Mi sforzo di mandare giù l'ennesimo boccone mentre tento di nascondere il viso alla vista dei miei genitori usando i miei capelli come schermo. Il blocco allo stomaco mi ha fatto passare l'appetito, e il nodo che mi si è formato in gola di certo non aiuta a migliorare la situazione. È da quando sono tornata dal mio vecchio appartamento che sento questa strana sensazione che assomiglia terribilmente a quella che provavo gli ultimi minuti prima di una sessione di esami a scuola.

«Tesoro, non stai bene?»
Il riso saltato con le verdure è uno tra i miei piatti preferiti, ed è raro che io mi rifiuti di mangiarlo. Questa é certamente una spia del mio cattivo umore e del mio malessere generale, ma l'istinto protettivo di mia madre le ha sicuramente dato un indizio in più.

Appoggio le bacchette sul tovagliolo e alzo lo sguardo su di lei quel poco che basta per permettermi di vederla in volto.

«Ho solo un po' di mal di pancia» rispondo con un filo di voce. So che non si tratta solo di questo. So che ci sono altre decine di ragioni per cui io mi sento così male, ma di certo non perderò tempo elencando a mia madre i miei problemi quando potrei impegnarlo crogiolandomi nel mio stesso dolore.

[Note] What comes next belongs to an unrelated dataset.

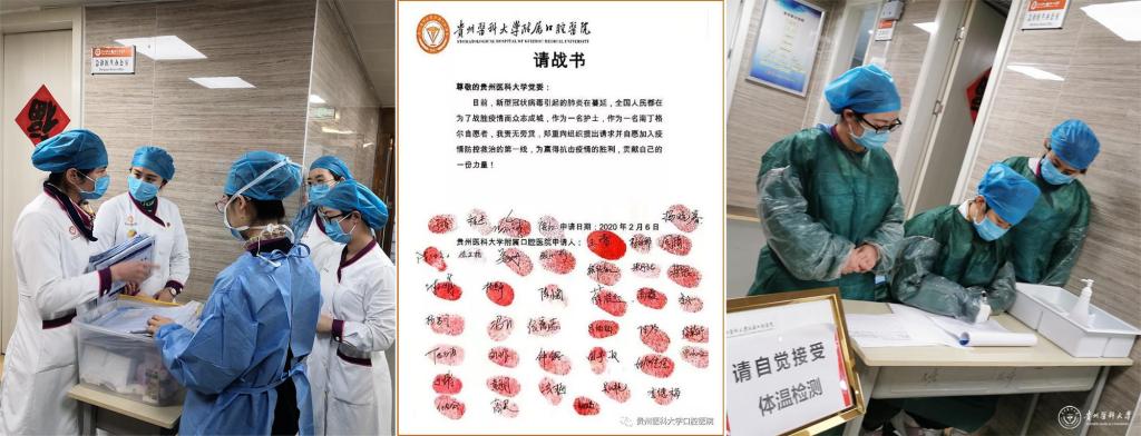 面对严峻的新型冠状病毒肺炎疫情,口腔综合急诊科按照上级有关要求,坚持把疫情防控工作作为科室当前最重要的工作。支部委员团结带领全科党员干部和医护人员,坚守初心、牢记使命,高度重视、迅速行动,支部党员以实际行动克服困难,为民服务解难题,让党旗在疫情防控一线高高飘扬,展示了新时代贵医口腔人的使命和担当。

L'unico risultato che potrei ottenere parlando con lei sarebbe quello di ricevere una cascata di occhiate di compassione e pena, probabilmente accompagnate da qualche carezza o un abbraccio svigorito.

Oppure, mia madre sarebbe pronta a risollevarmi il morale regalandomi un buono per un ciclo di cure mentali in qualche buona clinica fuori città. Rabbrividisco al solo pensiero, incassando la testa tra le spalle in un gesto istintivo.

«Ti posso preparane una tisana, se ti va» proprio come faceva quando ero piccola e le prime volte che mi sono venute le mestruazioni, mia madre mi sorride dolcemente nella speranza che io le dia il via libera per preparare una tisana. Sarebbe una buona idea, se non fosse che ho il terrore di vomitare anche quella. Scuoto appena la testa, stringendo le labbra in una linea dritta e sottile prima di tentare un'impresa impossibile. «No, grazie. Preferirei andare di sopra in camera mia»

«Ma non hai toccato cibo» come immaginavo, mio padre interviene mentre si versa l'ennesimo bicchiere di soju. Oggi ha il turno serale, e avendo tutto il pomeriggio per smaltire l'alcol non si pone problemi nell'abbondare. Ammetto che mi piacerebbe essere come lui, ma evito di bere troppo per paura che gli alcolici mi creino dipendenza.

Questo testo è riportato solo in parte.